Other warnings/precautions:
- Appropriate use: For topical use only; avoid contact with eyes or mucous membranes. Use of occlusive dressings or wrappings should be avoided.
Pregnancy
Pregnancy Risk Factor
B
Pregnancy Considerations
Adverse events were not observed in animal reproduction studies.
Patient Education
What is this drug used for?
- It is used to treat fungal infections of the skin.
- It is used to treat some nail problems.
- It is used to control seborrheic dermatitis.
- It may be given to you for other reasons. Talk with the doctor.
Frequently reported side effects of this drug
- Hair discoloration
- Skin or nail changes
Other side effects of this drug: Talk with your doctor right away if you have any of these signs of:
- Swelling
- Skin sores
- Blisters
- Oozing
- Bleeding
- Burning
- Redness
- Skin irritation
- Scalp irritation
- Signs of a significant reaction like wheezing; chest tightness; fever; itching; bad cough; blue skin color; seizures; or swelling of face, lips, tongue, or throat.
Note: This is not a comprehensive list of all side effects. Talk to your doctor if you have questions.
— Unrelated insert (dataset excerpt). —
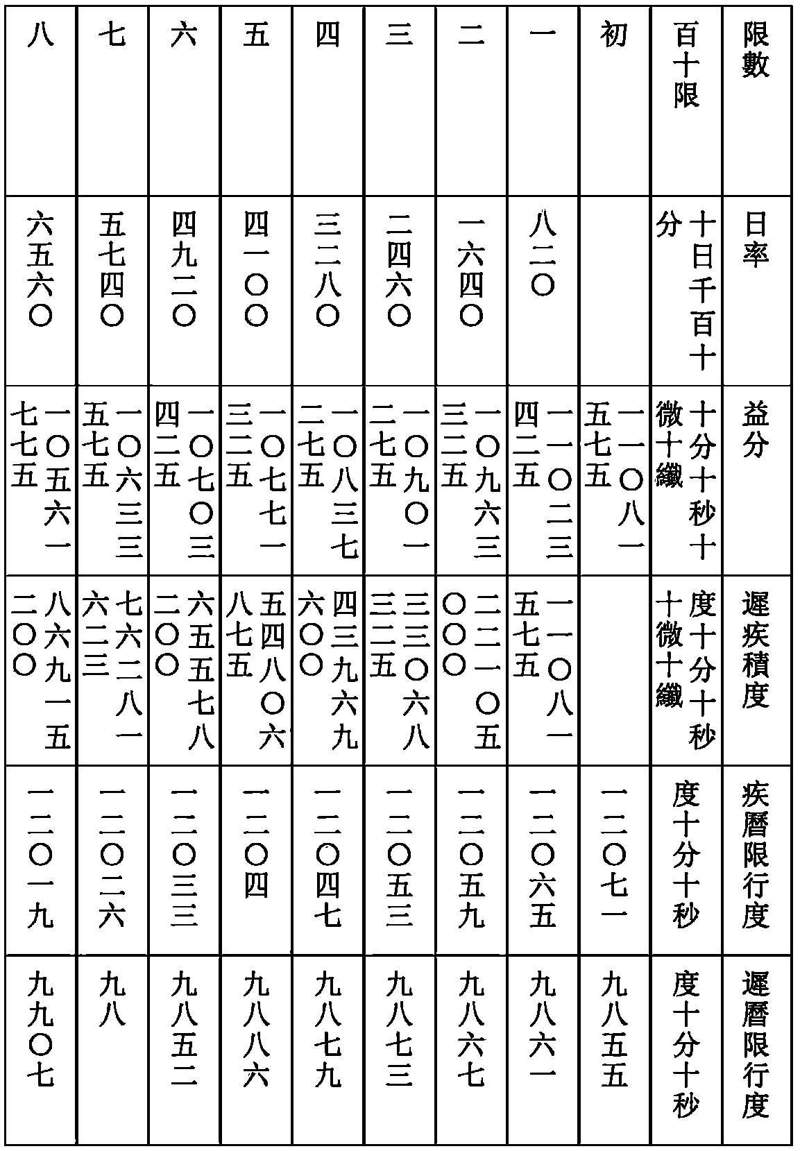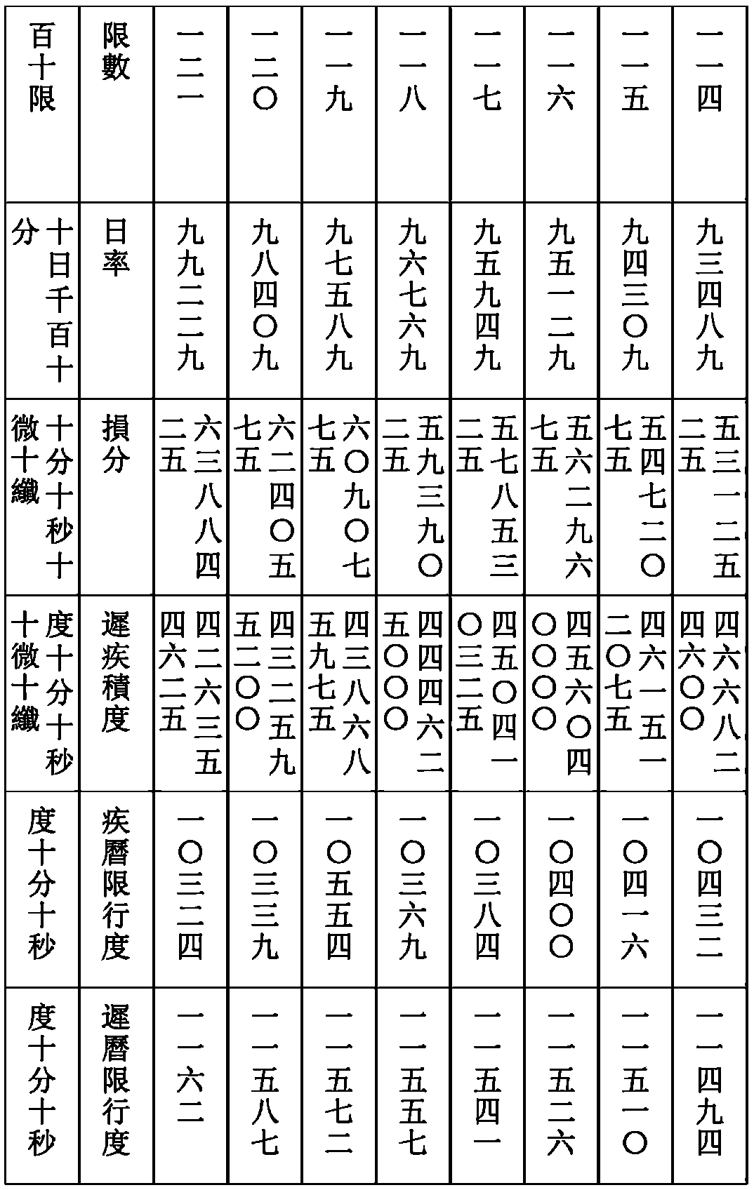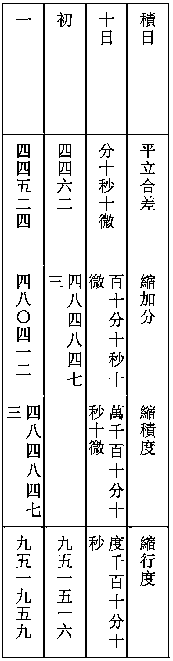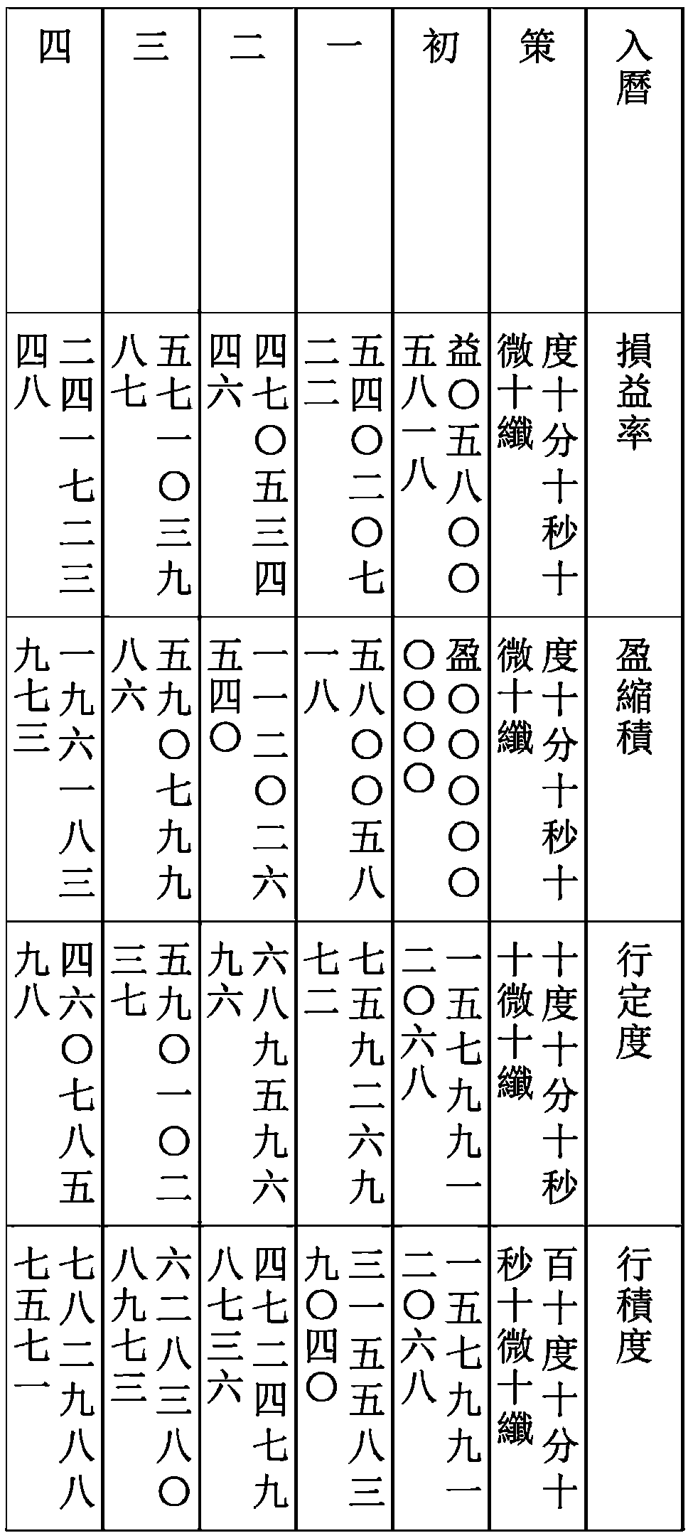 晨分加二百五十分爲日出分,日周一萬分内減晨分爲昏分,昏分減二百五十分爲日入分,又減五千分爲半晝分。故立成只列晨昏分,則出入及半晝分皆具,不必盡列也。

Consumer Information Use and Disclaimer: This information should not be used to decide whether or not to take this medicine or any other medicine. Only the healthcare provider has the knowledge and training to decide which medicines are right for a specific patient. This information does not endorse any medicine as safe, effective, or approved for treating any patient or health condition. This is only a brief summary of general information about this medicine. It does NOT include all information about the possible uses, directions, warnings, precautions, interactions, adverse effects, or risks that may apply to this medicine. This information is not specific medical advice and does not replace information you receive from the healthcare provider. You must talk with the healthcare provider for complete information about the risks and benefits of using this medicine.